Karma is going on in an atom, molecule, and nature. The entire universe is in a state of Karma.

However, narrowing it down to the human level and succinctly put it, Karma is a doer’s consciousness that initiates and directs an action, as well as registers its aftermath.  

It is an infallible fact that consciousness after inducing an action always acquires its reaction.

Osho says, “there are no books which God is keeping, that are an old way, not that somebody is writing it, you being the book.” He adds, “every moment, you are creating yourself; either a grace will arise in your being or a disgrace: this is the law of karma. Nobody can avoid it”.

Karma is not a profound philosophy. It is a working assignment for the thinker of thought, or doer of a deed, and accepting the outcome of that executed assignment.

With its productive nature, Karma emphasizes psychological implications in influencing an individual’s character while delivering its gratifying or stigmatic rewards or punishments in the realm of consciousness.
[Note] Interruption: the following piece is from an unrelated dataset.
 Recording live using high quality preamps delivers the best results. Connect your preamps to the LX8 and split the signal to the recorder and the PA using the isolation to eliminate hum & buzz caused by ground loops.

As consciousness receives consequences, the law of Karma gets defined as the law of consequences. And that gives us a better perception of Karma to understand its relevancy and practicality in our lives. 

Karma is unerring that, without fail, it delivers its judgement. Sooner or later, the verdict gets registered in our consciousness or sub-consciousness. The intensity of that verdict can be felt only by the performer of the Karma. The general public may seek empirical evidence to see the result of the doer’s good or bad Karma. 

For example, in bad Karma, the ruling from the law of consequences may differ from a civilian court’s verdict. In this case, Karma’s punishment could be a constant pounding of remorse for the rest of life on the consciousness of the person who committed the crime. 

The crime victim might not get the customary justice, and it may not be contrary to civil society’s expectations. But the law of consequences is not replacing or competing with society’s justice system. Its impact is only on two entities, the doer of a crime and his or her consciousness. The law of Karma does not involve a third party.

Besides deliberating on the morality of crime and perceiving the subsequent consequences, Karma’s concept and totality need to be realized more in our day-to-day activities and practices.

Actions and reactions produced by Karmas infuse the management and dynamics of our lives. In this regime, there are good karmas, bad karmas, naive karmas, and induced karmas. There are karmas of adventure and risk, alert, and guidance. 

Karma is what most life is all about with rewards, remunerations, honours, penalties and damages, discipline and lessons. Karma is one of those aspects of Hinduism where besides being an operation to act, it alerts and guides us toward righteous and meaningful living. 

Karma helps in evolving our fate and destiny.